System Analysis of a Phased-Array Radar Applying Adaptive Beam-Control for Future Automotive Safety Applications

In this contribution, we present a novel beam-control approach for automotive phased-array radar frontends. Since radar sensors are considered to be one of the means to enable future advanced safety functionality, we previously developed a system simulation environment that incorporates all involved domains and calculates all relevant high-level effects accurately. Subsequently, a generic phased-array FMCW radar frontend has been implemented and parameterized according to state-of-the-art SiGe components operating in the 77 GHz band. To demonstrate the advantages of an adaptively controlled beam for future safety applications, it is focused on curved traffic situations, which are calculated in a co-simulation incorporating a 3D-raytracer.

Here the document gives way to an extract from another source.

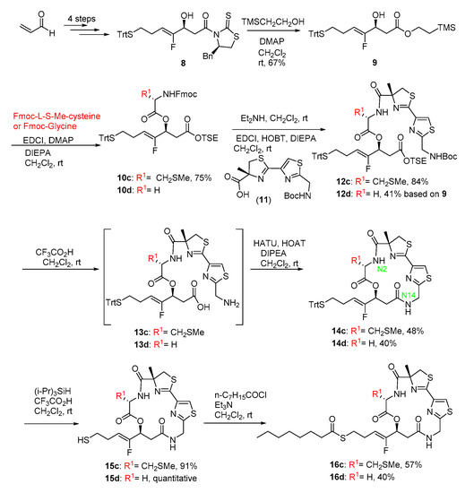 The key fluoro fragment (8) was prepared from acrolein via four steps according to our previous method [23]. Alcoholysis of 8 with TMSCH2CH2OH in the presence of DMAP provided 9 in good yield (67%). Condensation of 9 with S-Me Fmoc-l-Cystine or Fmoc-Glycine in the presence of EDCI, DMAP and DIEPA afforded ester 10c and 10d (yield: 75% for 10c). Removal of Fmoc group of 10c or 10d with Et2NH in CH2Cl2 and subsequent condensation with the acid (11) resulted in the linear precursors (12c, 84%; 12d, 41% based on 9). Deprotection of Boc group of 10c or 10d with CF3CO2H in CH2Cl2 and subsequent release of free acid provided the linear depsipeptides (13c and 13d) exposed at the N- and C-terminus, respectively. The depsipeptides were then subjected to the optimal cyclization condition (HATU/HOAT/DIPEA in anhydrous CH2Cl2 solution with a diluted concentration of about 0.001 M). The macrolactamization yields were 48% for 14c and 40% for 14d in two steps, respectively. Compared to our previous cyclization at N2 position, cyclizing at N14 position afforded apparently improved yield. Following our previously reported procedure [24], the free thiol 15c and 15d were obtained through deprotection of Trt group from 14c and 14d, respectively. The subsequent acylation with n-C7H15COCl under the standard condition led to the final fluoro analogs 16c and 16d (yields: 57%, 40%), respectively.

A novel method for the control of the antenna characteristic is derived, which takes the specific curve geometry into account, and predictive enhancement features applied to it are elucidated, before their utilization and the resulting increase of system performance is computed. By adaptively coupling the radar sensor to the steering angle, thus directing its beam together with the ego-vehicle into the curve, its measurement range can be distinctly increased, which is providing more time for the safety system to react. This set of facts is first examined in a static view, by regarding only some specially selected timesteps, before a thorough analysis of the complete traffic scenario reveals the system's advantages from a dynamic point-of-view. As a result, the performance improvement of phased-array frontends applying adaptive beam-control compared to those with body-fixed non-steerable beams is proven. Moreover, some results which are to be expected from such an advanced system, in case its full potential is evolved by implementing a scanning functionality, are provided as an outlook on future developments.